First Received: January 30, 2003   Last Updated: December 26, 2007   History of Changes
Sponsor: Genelabs Technologies
Information provided by: Genelabs Technologies
ClinicalTrials.gov Identifier: NCT00053560
  Purpose

The purpose of this clinical trial is to study the effects of GL701 on bone mineral density in women with active systemic lupus erythematosus (SLE) who are also receiving treatment with glucocorticoids (e.g., prednisone).

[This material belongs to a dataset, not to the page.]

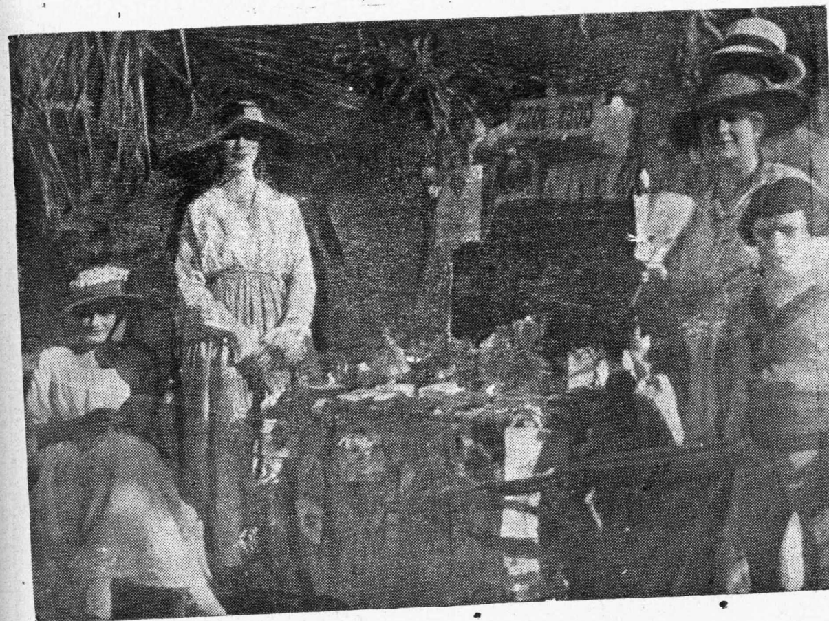
Ἀπὸ τὴν ἑορτὴν τῆς Κηφισσιᾶς ὑπὲρ τῶν προσφύγων.

Ἡ μικρὴ καστανὴ δὲν γελοῦσε πιά. Ἄκουγε τὰ φλογερὰ λόγια κρατώντας τὴν ἀναπνοή της κ' ὅταν ἡ φίλην της ἐσώπασε, αὐτὴ ἔσκυψε τὸ κεφάλι συλλογισμένη.

Condition Intervention Phase
Lupus
Drug: Prasterone (GL701)
Phase III

Study Type: Interventional
Study Design: Prevention, Randomized, Double-Blind, Placebo Control, Parallel Assignment, Safety/Efficacy Study
Official Title: A Randomized, Double-Blind, Multi-Center, Placebo- Controlled Study to Assess Prevention of Bone Loss by Treatment With GL701 (Prestara) in Women With Systemic Lupus Erythematosus Receiving Treatment With Glucocorticoids

Resource links provided by NLM:


Further study details as provided by Genelabs Technologies:

Estimated Enrollment: 155
Study Start Date: December 2002
Estimated Study Completion Date: August 2004
  Eligibility

Ages Eligible for Study:   18 Years and older
Genders Eligible for Study:   Female
Accepts Healthy Volunteers:   No
Criteria

INCLUSION CRITERIA

  • Women at least 18 years of age.
  • Meet ACR criteria for diagnosis of SLE.
  • Concomitant treatment with prednisone at a dose of ≥5 mg/day over the last 30 days prior to Screening visit.
  • Cumulative history of oral glucocorticoid use for at least 6 months over the last year prior to the Screening Visit (the 6 months do not have to be consecutive).
  • Patient has lumbar spine and proximal femur anatomy suitable for measurement by DXA with at least 3 evaluable vertebrae from L1 to L4.
  • SLEDAI ≥3 at the Qualifying Visit.
  • Women of child-bearing potential must have a negative serum pregnancy test (at the Screening Visit) and agree to use a reliable form of birth control while participating in the study.
  • Patient is fully ambulatory.
  • Patient has read and signed an Informed Consent Form.

EXCLUSION CRITERIA

  • History of breast cancer or malignancy of the reproductive tract organs.
  • History of any other cancers unless no evidence of disease for 5 years.
  • History of endometrial hyperplasia.
  • End stage renal disease or receiving hemodialysis treatment.
  • Any disease or condition that would preclude the accurate measurement of bone mineral density of the lumbar spine or proximal femur by dual X-ray absorptiometry.
  • A T-score of less than or equal to - 2.5 of the L-spine or proximal femur at Screening DXA assessment.
  • Unstable cardiac disease.
  • Conditions causing bone loss such as hyperparathyroidism, Cushing's disease, thyrotoxicosis, chronic diarrheal state or malabsorption, renal tubular acidosis, or anorexia nervosa.
  • Significant hepatic disease (i.e., cirrhosis).
  • Body mass index > 35 kg/m2 or weight >300 lbs.
  • Patients who are pregnant or breast feeding.
  • Patients who require glucocorticoids by an alternate day dosing schedule.
  • Known hypersensitivity to DHEA, or the inactive ingredients used in the GL701 formulation (cornstarch, lactose, magnesium stearate).
  • Known medical contraindication or hypersensitivity to Calcium/Vitamin D.
  • Participation in any prior DHEA or GL701 study.
  • Use of investigational agents within 30 days of the Screening Visit or 10 half-lives of the agent.
  • Any condition which in the Investigator's or Sponsor's opinion is sufficient to prevent adequate compliance with the study or likely to confuse follow-up evaluation (e.g., alcoholism, drug addiction, acute withdrawal from chemical dependency, psychiatric disease).
  • The patient is taking or has taken one of the medications listed below:

ANTIRESORPTIVES:

  • Use of calcitonin within 30 days prior to Screening Visit.
  • Fluorides > 1 mg/day at any time prior to the study.
  • Strontium at pharmacologic dose at any time.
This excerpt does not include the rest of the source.